No Pará, quilombolas protestam e acampam na Avenida Liberdade
Comunidade do Abacatau denuncia abandono de obra de asfaltamento e aponta risco estrutural em túnel construído como acesso à antiga estrada
Crédito: Evelyn Costa O protesto organizado pelo território quilombola do Abacatau, em Belém (PA), entrou no segundo dia nesta terça-feira (3) com acampamento montado sobre um dos trechos da Avenida Liberdade. A mobilização cobra a conclusão de obras consideradas compensatórias ao projeto viário e denuncia riscos estruturais em um túnel construído como acesso à antiga estrada da comunidade.

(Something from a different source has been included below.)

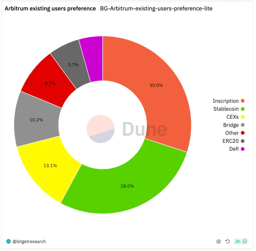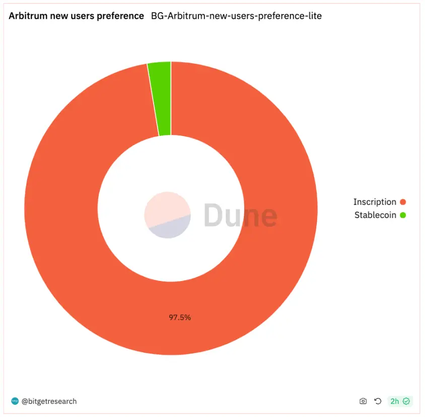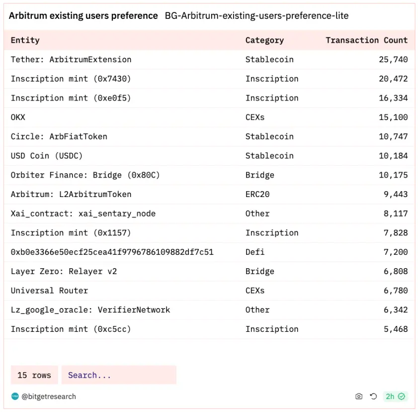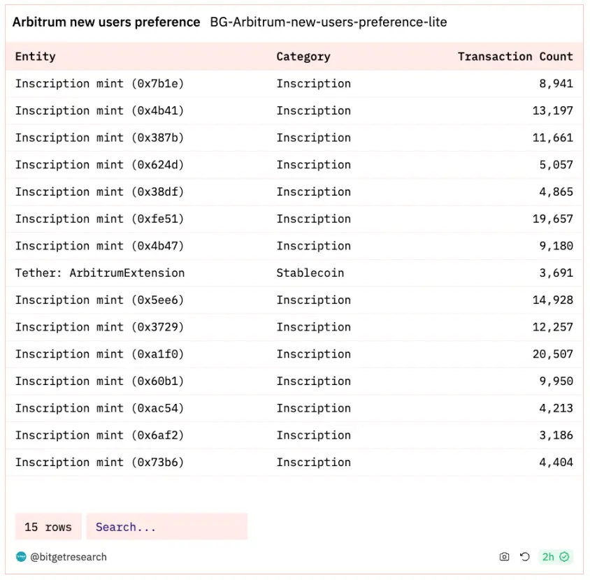 Arbitrum 昨日新增活跃用户的活跃主要集中在了铭文市场上。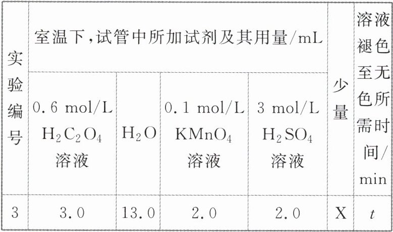 ${mol· L^{-1}· min^{-1}}$。(3)该小组同学查阅已有的实验资料发现,该实验过程中${Mn^{2+}}$对反应有催化作用,并继续进行实验探究。请你帮助该小组同学完成实验方案。所加试剂X最好选用

Em depoimento ao PORTAL VIGGO, a quilombola Vanuza Cardoso afirmou que o asfaltamento da estrada do Abacatau, apontado como medida de mitigação vinculada à nova via, foi interrompido e permanece inacabado. Segundo ela, a estrada original foi cortada pela avenida, e o túnel erguido como desvio apresenta problemas.
“Esse túnel está desabando. Ele não tem o tamanho exato de 5 metros que é exigido pelo DNIT, e as barreiras não têm proteção. Com as fortes chuvas, está desmoronando para o meio da rua”, relatou.
De acordo com a liderança, há risco iminente de acidentes envolvendo ciclistas, motociclistas e motoristas. A comunidade afirma que permanecerá acampada por tempo indeterminado até que haja posicionamento e solução por parte do poder público.
Acampamento em duas frentes
Além do grupo instalado sobre o túnel, outro ponto de mobilização ocorre na comunidade dos Navegantes. Moradores também relatam dificuldades relacionadas ao acesso à água potável e ao que classificam como descumprimento de acordos firmados com o Estado.
“A gente tinha nossa estrada toda esburacada, mas não passava por dentro de um buraco como é esse túnel que eles fizeram”, declarou Vanuza.
Obra estratégica e controversa
O Governo do Pará afirma que a Avenida Liberdade é um dos maiores e mais estratégicos projetos de mobilidade urbana da Região Metropolitana de Belém. Executada pela Secretaria de Estado de Infraestrutura e Logística do Pará (Seinfra), a obra já ultrapassa 85% de execução, segundo o Estado.
Com 13 quilômetros de extensão, a via promete integrar municípios, reduzir distâncias e desafogar o trânsito nos acessos à capital. A avenida ligará a Alça Viária à Avenida Perimetral, nas proximidades da Universidade Federal do Pará (UFPA).
Anunciado em 2020, o projeto ganhou ritmo após a confirmação de Belém como sede da COP30. Inicialmente previsto para outubro de 2025, o cronograma foi reprogramado para o primeiro semestre de 2026.
Apesar da relevância estratégica, a obra é alvo de controvérsias. O traçado atravessa área de proteção ambiental e impacta territórios ocupados por pelo menos 250 famílias de povos e comunidades tradicionais. A intervenção já foi questionada judicialmente e gerou preocupação entre ambientalistas e moradores da região.
Governo ainda não se manifestou
O PORTAL VIGGO solicitou posicionamento oficial do Governo do Estado sobre as denúncias apresentadas pela comunidade quilombola do Abacatau, incluindo o andamento do asfaltamento da estrada, as condições estruturais do túnel e as demais reivindicações.
Até o momento da publicação desta matéria, não houve retorno. O espaço segue aberto para manifestação.